La SARL Destrac Immobilier dans ses dernières conclusions d’intimé en date du 2 août 2021, demande à la cour de :

– confirmer le jugement dont appel en ce qu’il a débouté les époux [Z] de leur demande en nullité du mandat de vente

– juger que les dispositions de l’article L215-1 du Code de la consommation ne sont pas applicables en l’espèce

– confirmer le jugement dont appel en ce qu’il a dit l’offre d’achat des époux [F] suffisamment renseignée

– juger que les époux [Z] n’ont pas respecté l’engagement qu’ils ont souscrit au terme du mandat de vente n° 143 régularisé le 8 janvier 2019 avec elle de signer aux prix, charges et conditions convenues toute promesse de vente avec tout acquéreur présenté par cette dernière

– juger que les époux [Z] n’ont pas respecté l’engagement qu’ils ont souscrit au terme dudit mandat de ne pas traiter directement ou indirectement avec un acquéreur présenté par elle ou qui lui aurait fait visiter les locaux dans un délai de six mois suivant l’expiration de son mandat

– confirmer le jugement dont appel en ce qu’il a condamné in solidum les époux [Z] à lui verser la somme de 31.000 € correspondant à la stricte application de la clause pénale convenue à titre de dommages et intérêts

– confirmer le jugement dont appel en ce qu’il a dit que cette somme portera intérêt au taux légal à compter de la mise en demeure adressée par elle aux époux [Z] le 23 avril 2019

– condamner in solidum les époux [Z] à lui verser la somme de 5.000 € sur le fondement de l’article 700 du Code de procédure civile outre les entiers dépens

L’ordonnance de clôture a été rendue le 21 novembre 2023.

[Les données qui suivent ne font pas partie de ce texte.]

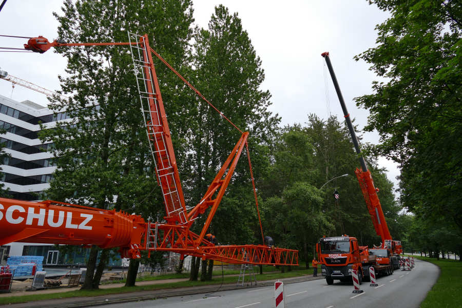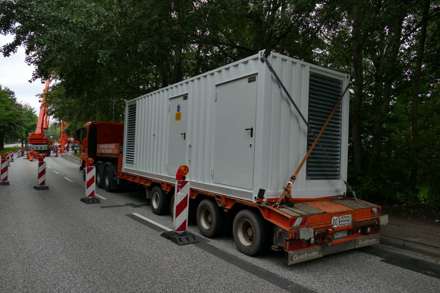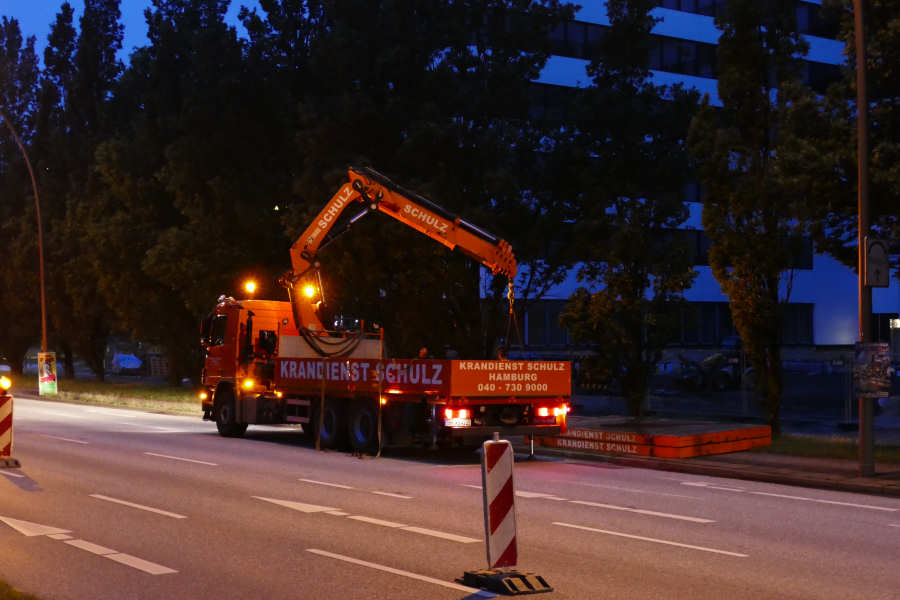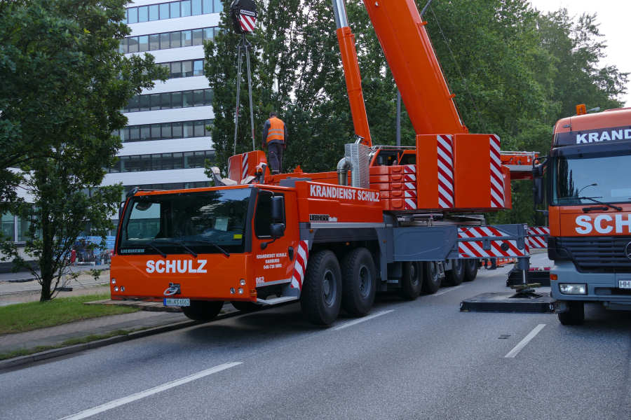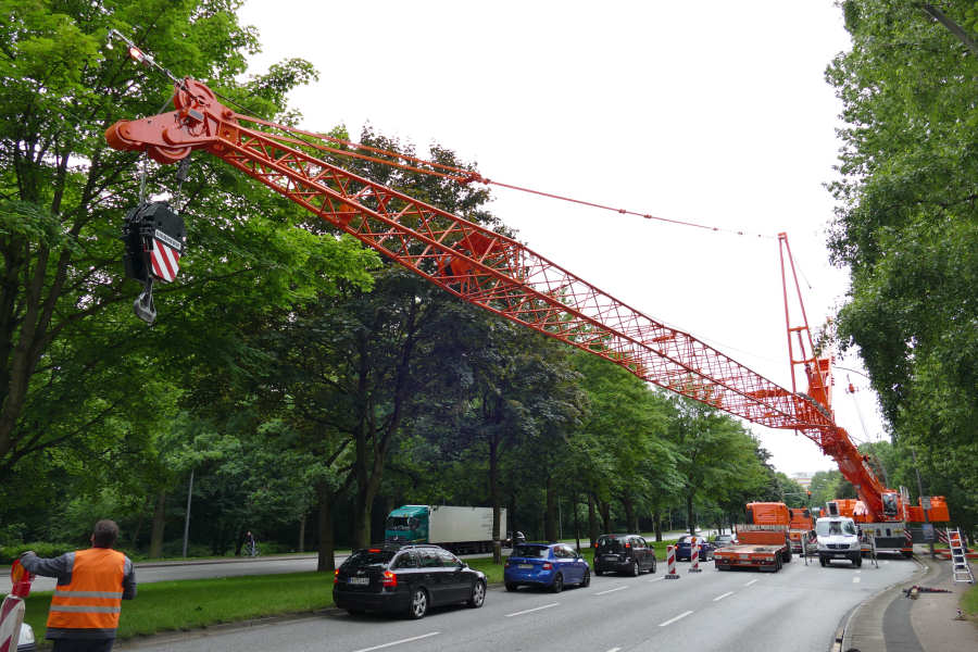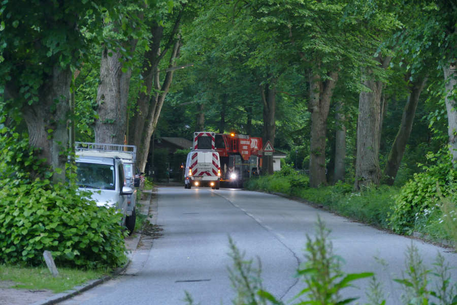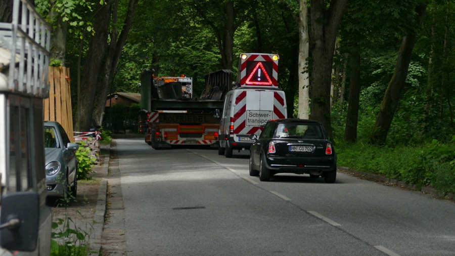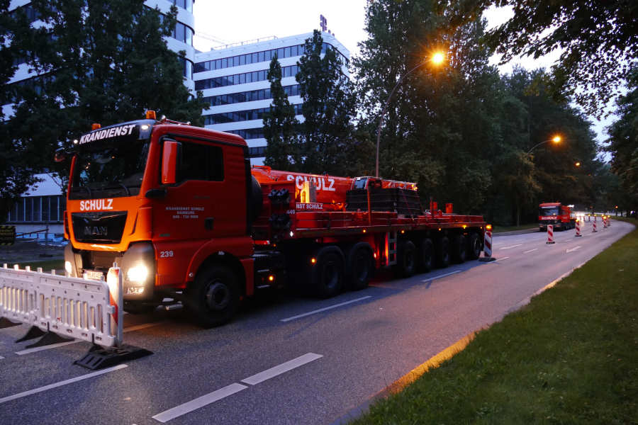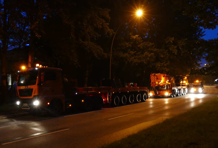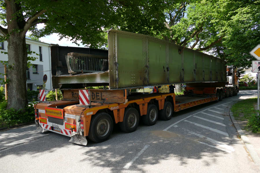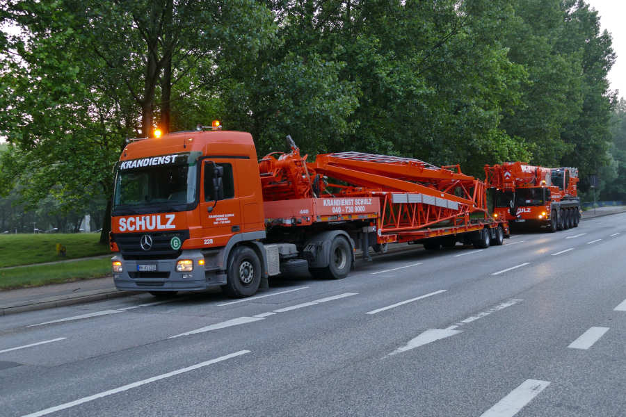 Thömen stezte die beiden Nooteboom 4achs Teletrailer mit MB 3348 MP 2 und MP 3 ein, die Brücken hatten ein Gewicht von rund 36 t. -- Beste Grüße aus dem Alstertal und den Vierlanden, in Hamburg

Pour une plus ample connaissance du litige et des prétentions et moyens des parties, il est fait expressément référence aux dernières conclusions et pièces régulièrement communiquées par les parties.

Motivation

Dispositif

PAR CES MOTIFS

La cour,

Confirme le jugement rendu par le tribunal judiciaire de Bordeaux le 22 septembre 2020 en toutes ses dispositions,

Y ajoutant,

Condamne solidairement M. [S] [Z] et Mme [X] [O] épouse [Z] à payer la somme de 3000 euros à la SARL Destrac Immobilier par application de l’article 700 du code de procédure civile ainsi qu’aux dépens d’appel.

Le présent arrêt a été signé par Monsieur Jacques BOUDY, président, et par Madame Audrey COLLIN, greffier, auquel la minute de la décision a été remise par le magistrat signataire.